Pedestrian detection should be given the maximum priority in an autonomous vehicle software stack as it deals with the lives of the people. Hence, it is critical for the autonomus vehicle to predict the humans with maximum accuracy. Developing a dedicated human detector module helps in achieving improved prediction accuracies for this specific tasks without effect on the other perception modules.

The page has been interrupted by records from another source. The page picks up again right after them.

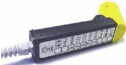
Model /CR programmed cable remote control VLT 9033/PR/CR - VLT 9036/PR/CR

With our Play Detectors for cars and light goods vehicles, we offer our customers a high quality product with all possibilities to detect in no time play and wear on vehicles.
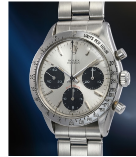
174 Rolex 勞力士，罕有精美，精鋼計時鏈... 估價 60,000 — 120,000 CHF
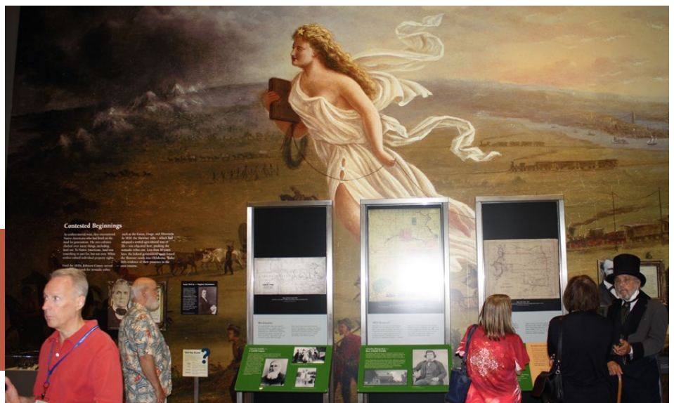
"American Progress" mural visualizing the idea of Manifest Destiny in settling the West
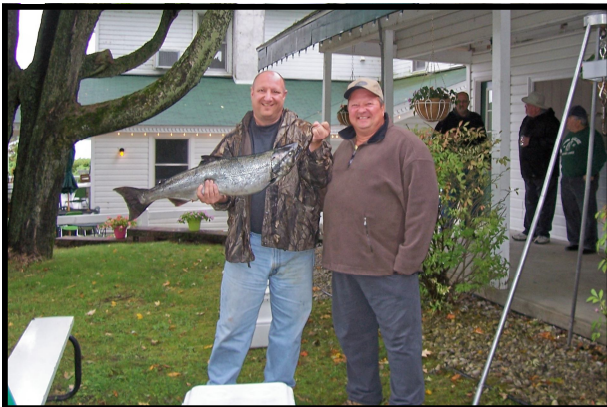
3rd Place - "Lucky Strike"
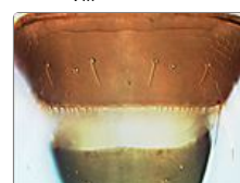
loti tergite VIII
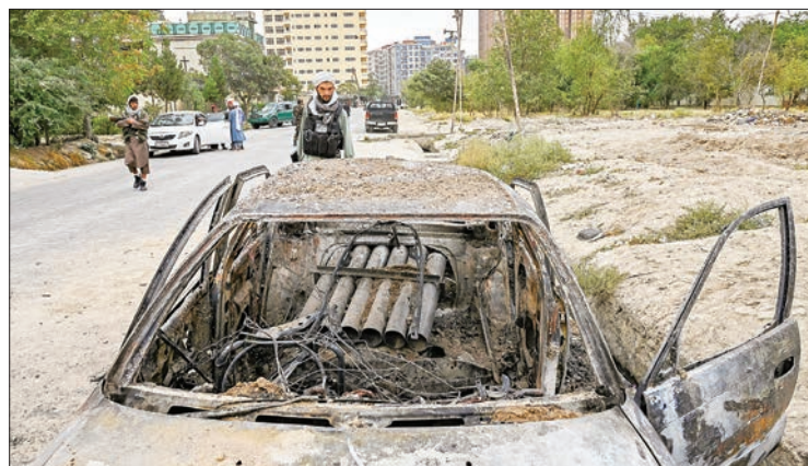
A Taliban fighter investigates a damaged car after multiple rockets were fired in Kabul on 30 August 2021.

The Islamic State group, rivals of the Taliban, pose the biggest threat to the withdrawal after carrying out a suicide bomb attack at the perimeter of the airport late last week that claimed more than 100 lives, including those of 13 US troops.

An agile iterative process (AIP) is followed for the development of this project where the product backlog is developed first. Based on the priority of the tasks, the sprint cycles and tasks are decided. A daily meeting at the begging of the sprint cycle is conducted to decide on the daily tasks for each developer. The project backlog consists of the estimated time of completion which is alloted for each task. The actual time of completion is altered based on the progress of the project and the remaining tasks.
After planning the product backlog, UML flow diagram and UML class diagram for the software are created. A set of unit tests are used to verify the performance on a wide range of exple scenarios. Stub implementations are written with the functions to ensure that the code coverage of the softwrae is maintained.
The link for the product backlog, time log, error log and release log can be found here - link
The link for the sprint review document can be found here - link
This software is released under the BSD 3-Clause license.
This work is stil under development and is expected to be completed in another week.